Local eagle festival founder Thor Froslev has trademarked the motto to apply solely to Brackendale, and as an annual Eagle Festival guest speaker, it was felt Hancock should be aware of that fact. Hancock was quoted in an article regarding a project to accumulate reports of bald eagles living in Greater Vancouver undertaken by the Hancock Wildlife Research Centre in Surrey.

"I've got 154 pairs nesting in greater Vancouver. It's unbelievable," said Hancock. "That's more eagles nesting in Greater Vancouver than are in most states of the union. You can probably take 10 states and not come up with that many."

Hancock said he clarified his comments during a visit with Froslev last Saturday (April 1).

"I'm just calling Vancouver 'the urban eagle capital of the world', which it is. He's jealously guarding the eagle capital," Hancock laughed.

Councilor Patricia Heintzman brought up the issue during the Tuesday (April 4) council meeting. Mayor Ian Sutherland said he had already put in a call to the newspaper to correct the error, reminding editors at the Sun that Brackendale holds that title.

Hancock said he doesn't think that the quote will draw attention away from Squamish.

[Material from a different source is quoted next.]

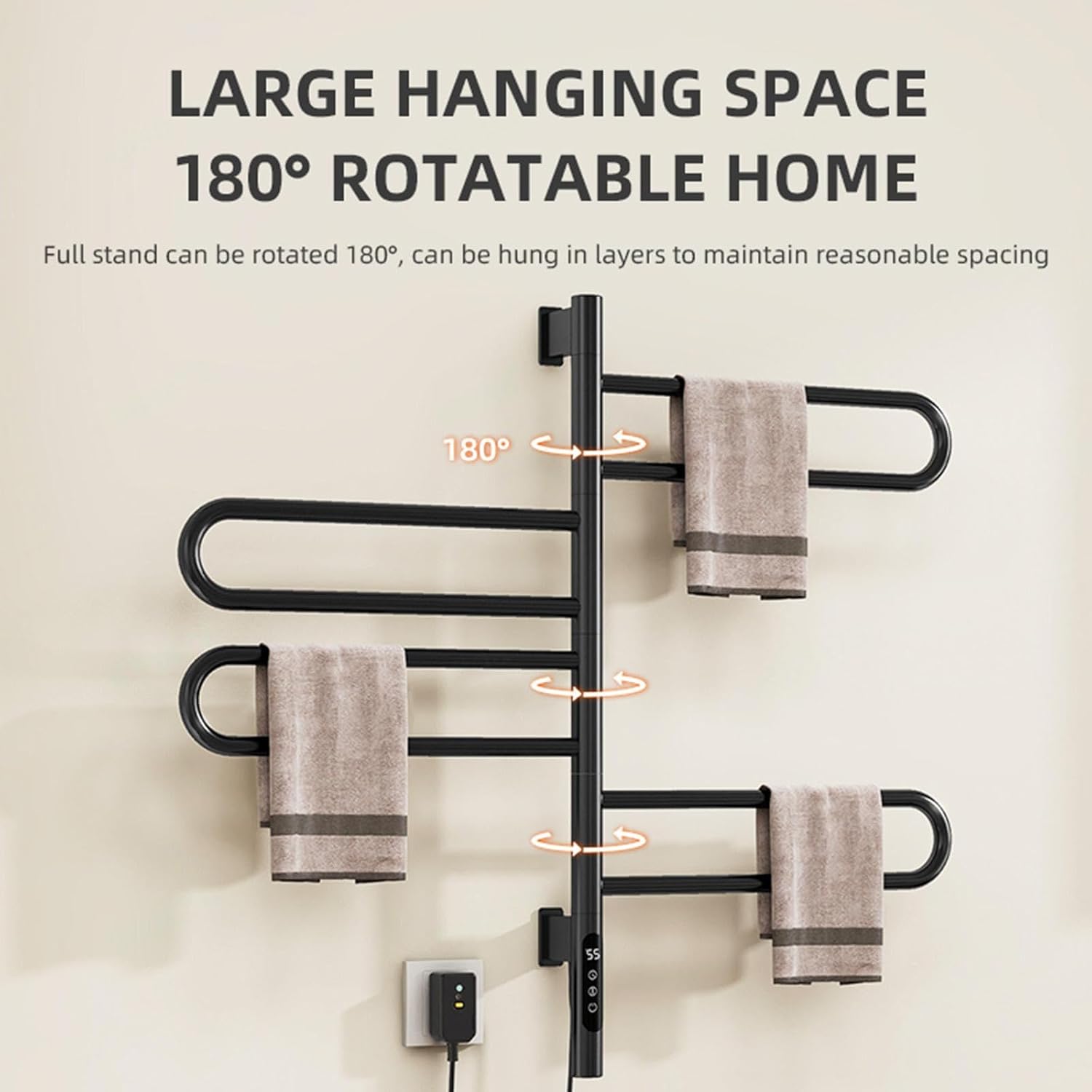 We provide you with an advanced heated towel rack to keep your clothes and towels in constant,gentle temperature even in cold weather.With its help,you are allowed to be free from unhygienic troubles. Thanks to the timer design,it ensures convenient and secure use in your daily life. Use this versatile heated towel racks for bathroom in different locations and all year round!Great to put in multiple locations such as bathrooms, mudrooms,laundry rooms, hotels, spas, gyms, fitness centers, or country clubs!In addition to warming your towels on cold, rainy, or snowy days,you can use the heated towel rack to quickly dry bathing suits. Specifications Name:Heated towel racks for bathroom Item size: 16.9*30.7*3.5in/ 43*78*9cm Temperature range:30-70 °c Timing range: 1-9h Finish:Baking paint surface Voltage:110 v-240v Power: 135w Package included: 1 x heated towel rack 1 x pack of fixing part(nail free adhesive is not included in the scope of supply but is easy to purchase) 1 x english manual Kind tips: It is recommended that hard wiring be installed by professionals for your safety.

In fact all the attention being paid to the province's eagles can be complementary to Squamish's promotions.

"I'm out promoting the Brackendale Eagle Festival all the time, it's on my website. We've got a Fraser Valley bald eagle festival another big one at Hanes, and a new one now at Campbell River, we had it this year for the first time. But it's not a wintering group of birds. It's about nesting birds, when they go in the nesting territory in February," said Hancock. "There's lots of things happening and it's not competitively, it's cooperatively."

Hancock's latest project has garnered worldwide attention to his website, hancockhouse.com, which received two million hits within five days last week. The item drawing so much attention is the world's first online live video stream of a pair of nesting eagles. The couple is at the top of a 100-foot tree on Hornby Island, and is days away from seeing their two eggs hatch. A camera was installed in the tree two years ago while the raptors were away and a Vancouver web hoster volunteered to broadcast the live feed last week at a cost of $2,000 to $3,000 a day. Once word got out, millions began checking out the site. And it will only get bigger, said Hancock. By the time the eggs are due to hatch on April 25th, Hancock anticipates 10 million viewers. And in the forums section of the website, visitors can learn about the Brackendale Winter Eagle Festival & Count.